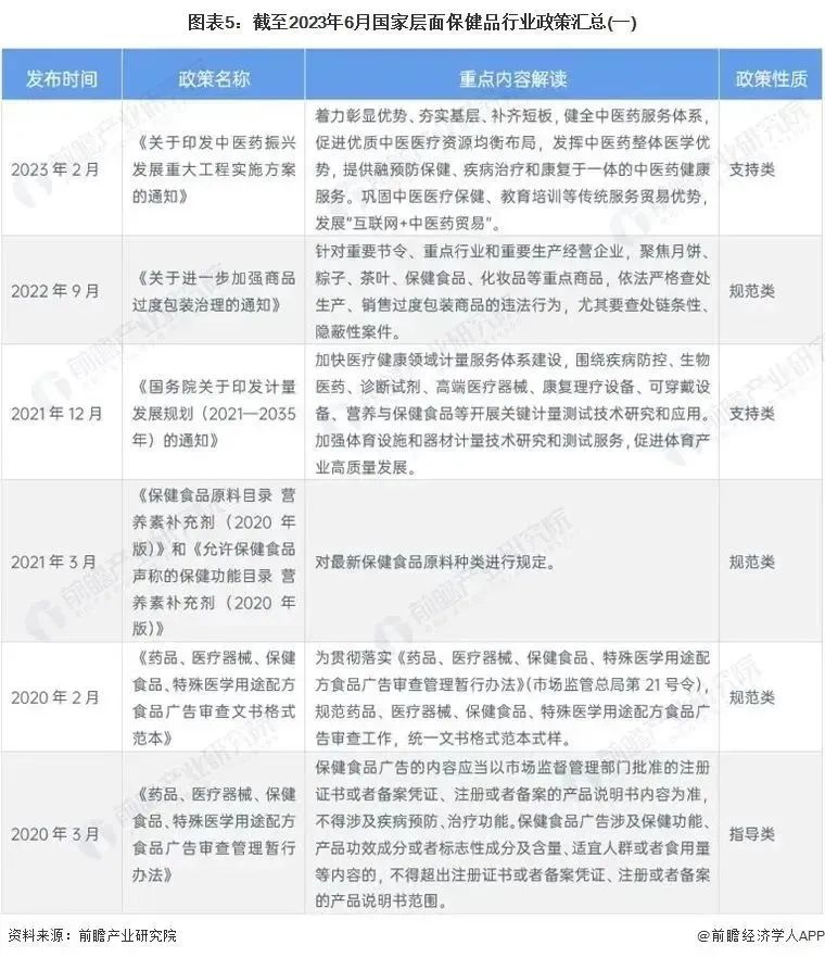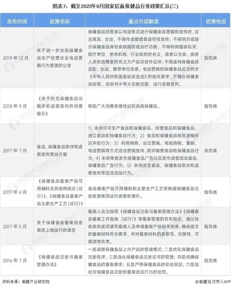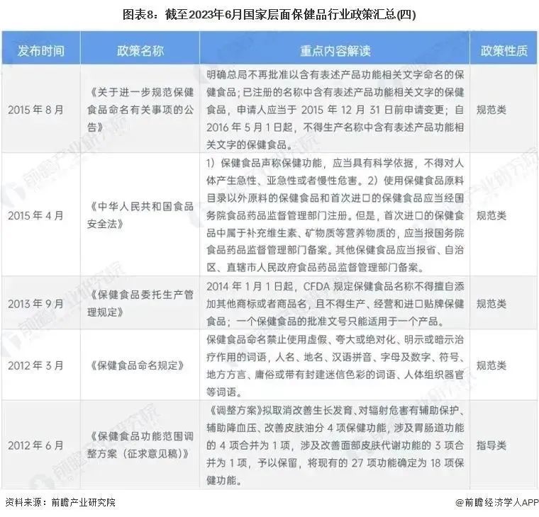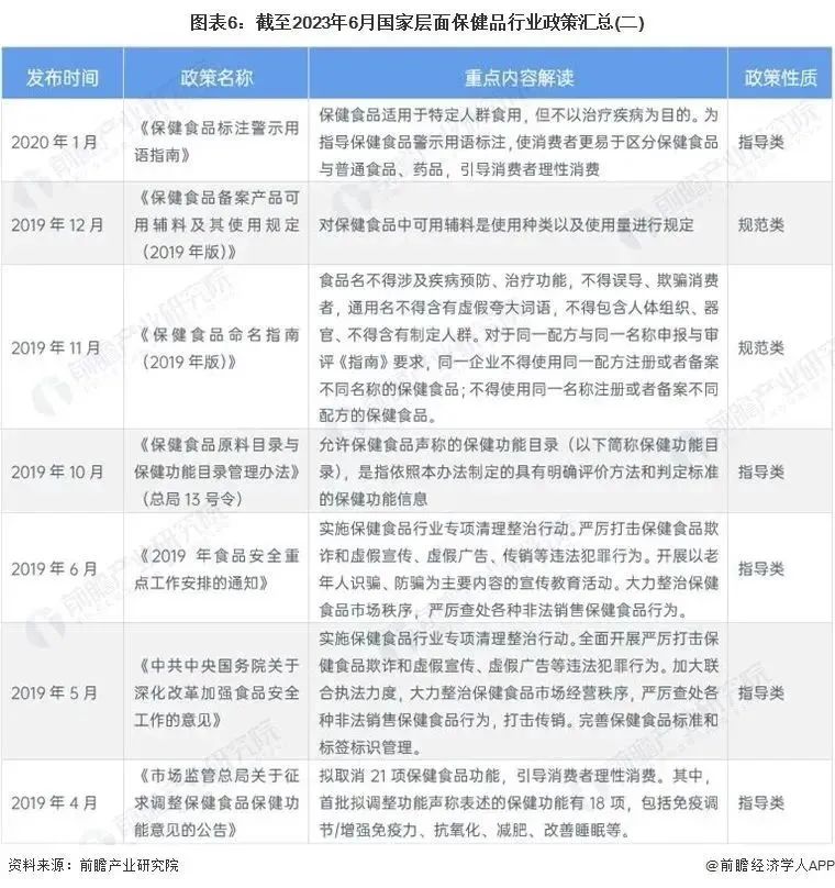 自2012年以来,国家市场监督管理总局、食品药品监管局、国家卫生健康委员会等多部门都陆续印发了支持、指导和规范保健品的发展政策,涉及保健食品命名和宣传规范、保健食品安全等内容,以规范类和指导类政策为主。截至2023年6月国家层面保健食品行业政策汇总如下:
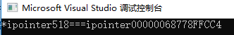 int i = 518;int *ipointer;int* ipointer2;ipointer = &i;ipointer2 = &i;cout << "*ipointer" << *ipointer << "===ipointer" << ipointer << endl; |
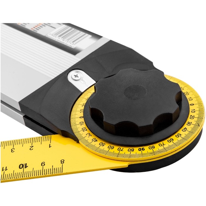 Kątownik ma możliwość ustawienia dowolnego kąta 0° - 90° oraz zablokowania za pomocą pokrętła blokującego.

## [INSTRUCTIONS FOR THE TASK]
Word for word, print the material above, but without its pictures.

## [EXERCISE RESPONSE]
 自2012年以来,国家市场监督管理总局、食品药品监管局、国家卫生健康委员会等多部门都陆续印发了支持、指导和规范保健品的发展政策,涉及保健食品命名和宣传规范、保健食品安全等内容,以规范类和指导类政策为主。截至2023年6月国家层面保健食品行业政策汇总如下:
 int i = 518;int *ipointer;int* ipointer2;ipointer = &i;ipointer2 = &i;cout << "*ipointer" << *ipointer << "===ipointer" << ipointer << endl; |
 Kątownik ma możliwość ustawienia dowolnego kąta 0° - 90° oraz zablokowania za pomocą pokrętła blokującego.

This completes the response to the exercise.